On the sidelines over the next eight years, the neocons (now evolving into ninnies) grumbled that the war had not been finished. It would have to be ended--correctly, some day in the future. The nagging increase in terrorist actions by groups typified by al-Qaeda as well as the humiliating spectacle of American troops put to the knife by rag-tag thugs in Somalia boosted the neocon conviction that the Cold War winning US would have to permanently abate the growing nuisances in the Mideast.

A final misleading lesson was learned from the application of air delivered firepower in the Bosnian intervention. Seemingly, a handful of precision guided munitions from American and NATO platforms forced an end to the intransigent regime in Belgrade and brought low-cost democratic peace to the long violent region.

The events of 9/11 met the WW II paradigm. War was forced on the US by a palpably evil enemy. Diplomacy proved useless. Only the military option remained.

If the neocons of the White House and Pentagon had stopped to review the actual as opposed to the ostensible lessons of the American wars of the 20th Century, they would have realised that the WW II paradigm was not actually applicable. The Korean War model was the one to use.

The invasion of Afghanistan was a limited war in support of policy. Our policy goals were twofold. The lesser was the capture or death of Osama bin Laden and others directly associated with the 9/11 attacks. The greater goal was the demonstration that Islamst groups or regimes would not be immune from an American retaliation. In short, the larger goal was deterrence.

By not examining the good and substantial reasons why Operation Desert Storm stopped short of "total victory," and considering what would be required on the days, months, and years following the moment of invasion in Afghanistan, the neocon ninnies assured that not only would victory prove elusive, but that simply "not losing" would be very difficult.

It is true that firepower kills. but killing does not necessarily result in victory. Similarly "shock and awe" may have a very short-term success, but in and of itself does not assure either victory or not losing.

The decision to invade Iraq cannot be attributed to any historical model. The Baghdad regime had not even appeared to "force" war on us. There was no reason for the exercise in regime change.

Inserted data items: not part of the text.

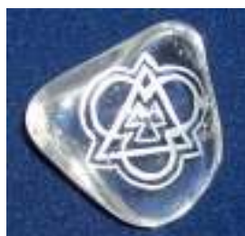
Symbol Nejsvětější Trojice

A tak zjistíme, že je lépe takový postup pomocí přirozených příměrů opustit a vidět v trojičních modelech přírody nanejvýš vzdálené symboly či náznaky onoho velkého tajemství Trojjediného Boha.
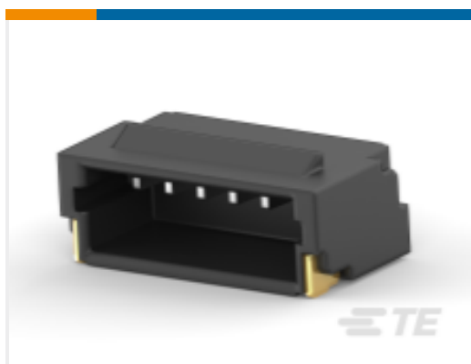
TE 产品编号2367196-6 1.0mm WTB RIGHT ANGLE TYPE WITH LATCH
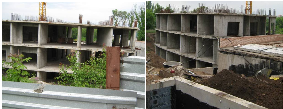
Будівництво житлового будинку №2 по пр. Панфілова у м. Донецьку станом на 29.05.2009 р.

Beyond those self-evident considerations, the current administration gave no apparent considerations to the actual requirements for reconstituting Iraq as a fully functioning state following any successful US invasion.

In Iraq, the neocon ninnies have created something new in American history--a paradigm of how to throw away a war. If they had set out to create a pattern labeled "How to Lose," they could not have done better.

In recent weeks, the American military has been charged with a mission unique in its history--retrieving victory (or at least not losing) from the jaws of defeat. As a policy, the invasion of Iraq richly deserves the failure to which it was plunging only a few months ago. As a nation, we deserve better. The world deserves better of us.

Right now, the military is doing the right things on the ground to give us and the world the better which we deserve. If these efforts bring at least some semblance of success, it will be interesting to see what new lessons We the People, our representatives, and our armed forces learn.